-- Exercise instructions --
Take nothing but the lines from the one with "Resistance & Joy" through the one with "智能可变星空顶,呈现满天星光" in the entries below, both ends kept, and return them exactly with pictures left out.

[Exercise input]

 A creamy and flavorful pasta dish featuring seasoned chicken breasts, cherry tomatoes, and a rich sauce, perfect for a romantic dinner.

[/Exercise input]
[Exercise input]

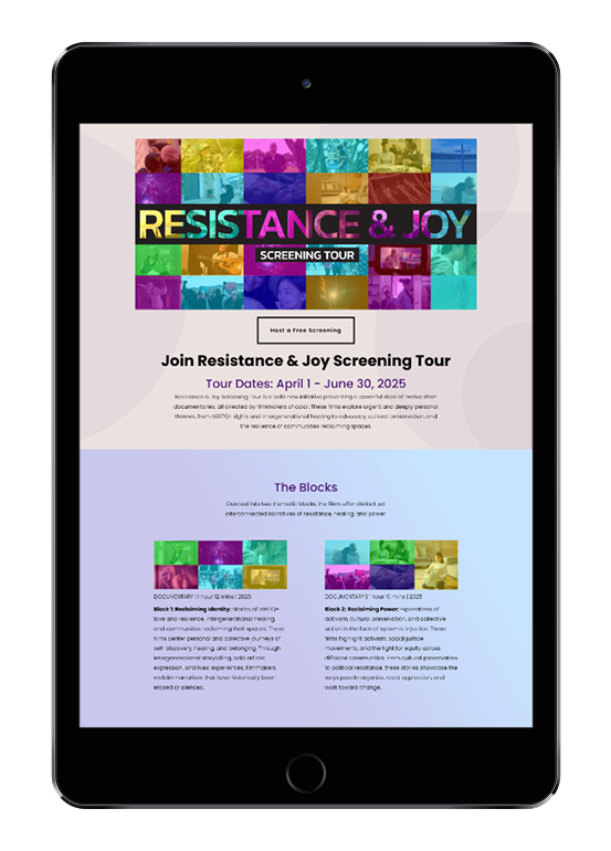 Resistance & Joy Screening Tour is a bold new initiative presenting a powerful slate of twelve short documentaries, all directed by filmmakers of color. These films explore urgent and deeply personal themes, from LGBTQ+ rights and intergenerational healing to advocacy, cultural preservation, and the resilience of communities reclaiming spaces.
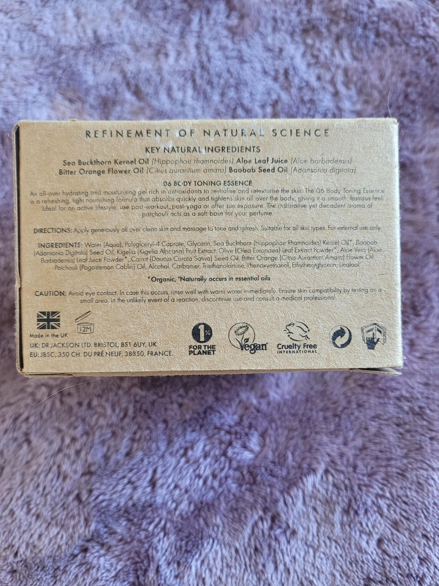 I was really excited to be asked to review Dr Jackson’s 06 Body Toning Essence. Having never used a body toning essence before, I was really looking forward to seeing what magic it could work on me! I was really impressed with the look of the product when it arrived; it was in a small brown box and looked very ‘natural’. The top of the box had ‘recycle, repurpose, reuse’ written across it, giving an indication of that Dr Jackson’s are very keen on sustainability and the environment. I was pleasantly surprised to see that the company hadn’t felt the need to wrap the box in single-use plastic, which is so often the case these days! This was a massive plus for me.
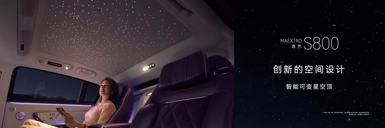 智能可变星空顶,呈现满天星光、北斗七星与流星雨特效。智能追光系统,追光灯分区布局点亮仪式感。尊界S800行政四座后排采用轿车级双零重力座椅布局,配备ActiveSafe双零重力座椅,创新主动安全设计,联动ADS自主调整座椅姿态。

[/Exercise input]

-- Solution for this task --
 Resistance & Joy Screening Tour is a bold new initiative presenting a powerful slate of twelve short documentaries, all directed by filmmakers of color. These films explore urgent and deeply personal themes, from LGBTQ+ rights and intergenerational healing to advocacy, cultural preservation, and the resilience of communities reclaiming spaces.
 I was really excited to be asked to review Dr Jackson’s 06 Body Toning Essence. Having never used a body toning essence before, I was really looking forward to seeing what magic it could work on me! I was really impressed with the look of the product when it arrived; it was in a small brown box and looked very ‘natural’. The top of the box had ‘recycle, repurpose, reuse’ written across it, giving an indication of that Dr Jackson’s are very keen on sustainability and the environment. I was pleasantly surprised to see that the company hadn’t felt the need to wrap the box in single-use plastic, which is so often the case these days! This was a massive plus for me.
 智能可变星空顶,呈现满天星光、北斗七星与流星雨特效。智能追光系统,追光灯分区布局点亮仪式感。尊界S800行政四座后排采用轿车级双零重力座椅布局,配备ActiveSafe双零重力座椅,创新主动安全设计,联动ADS自主调整座椅姿态。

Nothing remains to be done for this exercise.